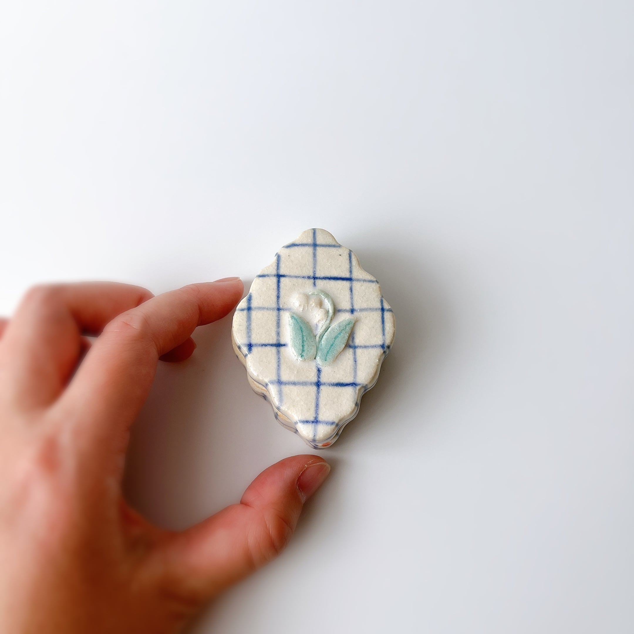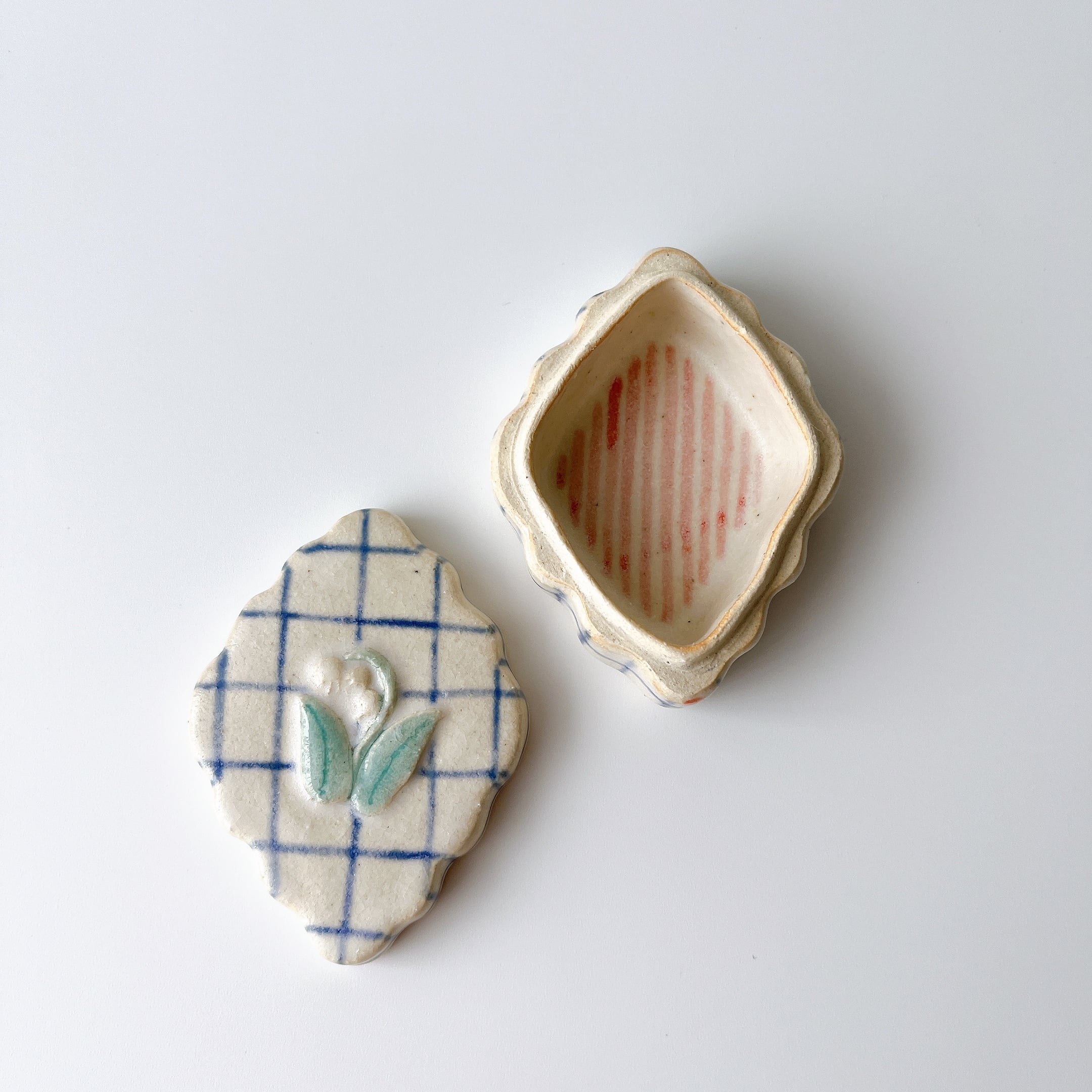 ぷっくりすずらんに、もくもくダイヤ形が可愛い陶の小箱。
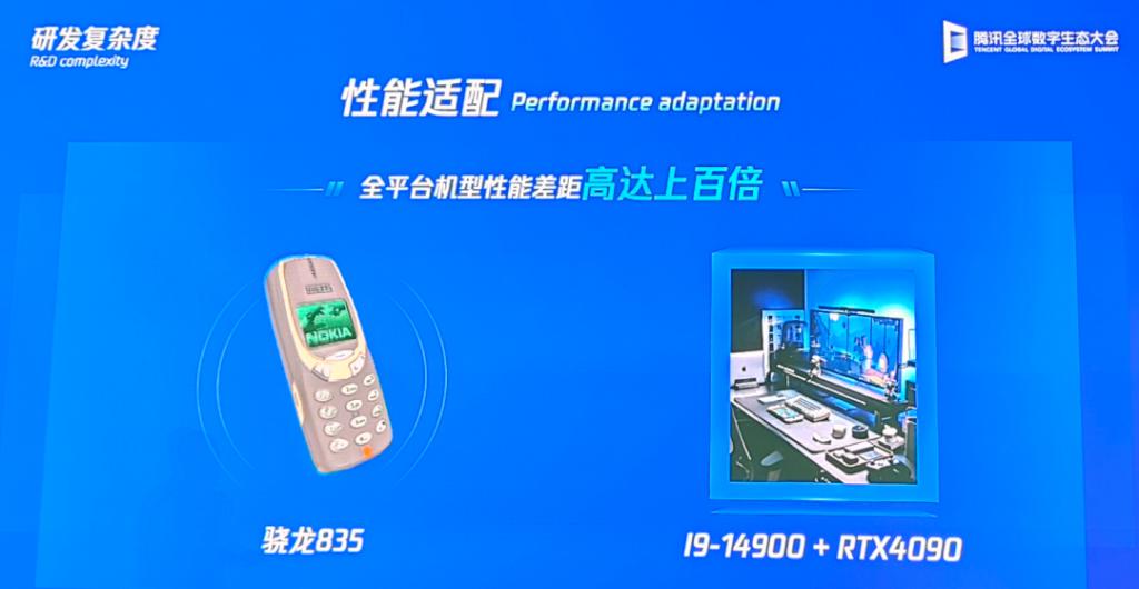 首先在全平台发行的需求下,《鸣潮》需要适配设备既有 2017 年上市、距今 7 年的骁龙 835 芯片的手机,例如小米 6;也有最新的、安装了 4090 显卡的电脑,他们之间的性能差距远超过 100 倍,如何让不同设备的用户,都能有匹配当前设备的游戏体验,对我们的技术工作提出了比较高的要求。
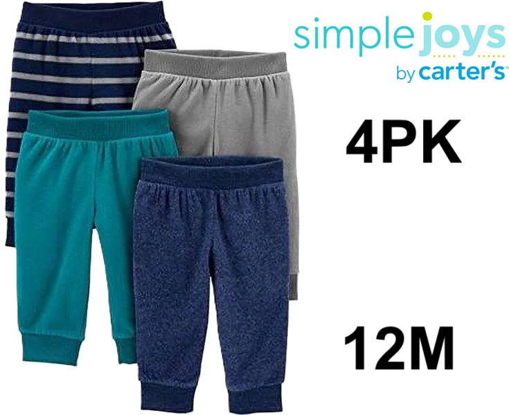 4PK Unisex Child's Simple Joys by Carter's Toddler Fleece Pants - Size 12M - Multicolour (Style: 11881)
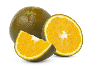 Two whole oranges and one half orange with green leaves isolated on transparent background
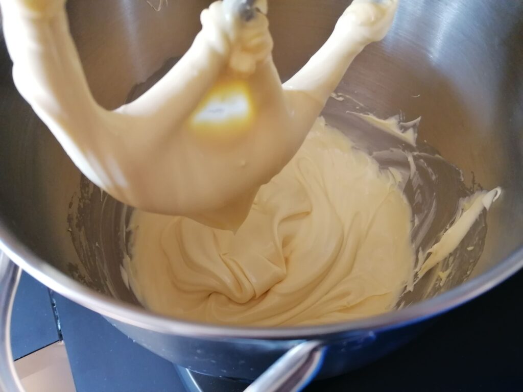 • Corner le cul-de-poule, ou transvaser la crème ainsi terminée, et très souple, dans un récipient propre, avant de la filmer au contact et de la mettre au froid pour une prise et un refroidissement complet jusqu’au lendemain, soit le jour J, jour du montage des cupcakes.
========================================================================
Work item:
Every line from the one containing "Two whole oranges" through the last line of the records is to be reproduced exactly, with pictures left out and nothing else given.

Answer area:
 Two whole oranges and one half orange with green leaves isolated on transparent background
 • Corner le cul-de-poule, ou transvaser la crème ainsi terminée, et très souple, dans un récipient propre, avant de la filmer au contact et de la mettre au froid pour une prise et un refroidissement complet jusqu’au lendemain, soit le jour J, jour du montage des cupcakes.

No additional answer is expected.